Anyway, the first night I had plans to go out (BIG no-no), I thought i would be tired because of the travelling but I'd be ok. I chose all soft food and only served a little bit for myself to see how it was eating with braces... I didn't plan on chewing because i knew from my experience with spacers  that my teeth would be tender for a while. So I sat down to eat, and found that i couldn't even swallow properly!!! i felt like i was going to choke because there was food (mashed potato) stuck in the roof of my mouth and I couldn't get it out! If i can't eat mashed spud, what can i eat?!?! I felt devastated that I was destined to spend the next six months eating/drinking only soup :-(

The whole swallowing process is hindered because of the expander being in the way. I haven't quiet worked out how to get past that yet, but I don't feel so disheartened anymore... I will get through this, i just have to be patient and wait while trying to retrain my mouth. And in the mean-while I will continue to eat soft/soup type food with very few lumps! 

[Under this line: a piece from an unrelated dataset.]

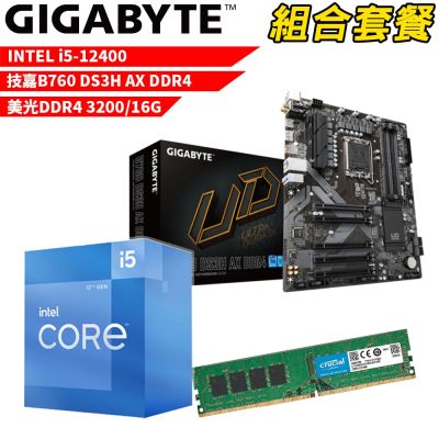 【組合套餐】Intel i5-12400 處理器+技嘉 B760M DS3H AX 主機板+美光 DDR5 4800 16G 記憶體$10,735$11,299

Day 2 was hard too. I had to work and I felt like crap. I had been taking panadol since three hours after the braces were fitted, and this day i got something stronger. But all medications had to be soluble!! I'm pretty sure my teeth started moving straight away because they have been feeling fuzzy (like pins & needles in your leg) and kinda loose like if I pressed on them too hard they might break or come out of my gums! I guess cause I'm older the experience is going to be more exaggerated than if I were a teenager.

But now, Day 3, I have only had drugs this morning and feel like I might be adjusting little by little.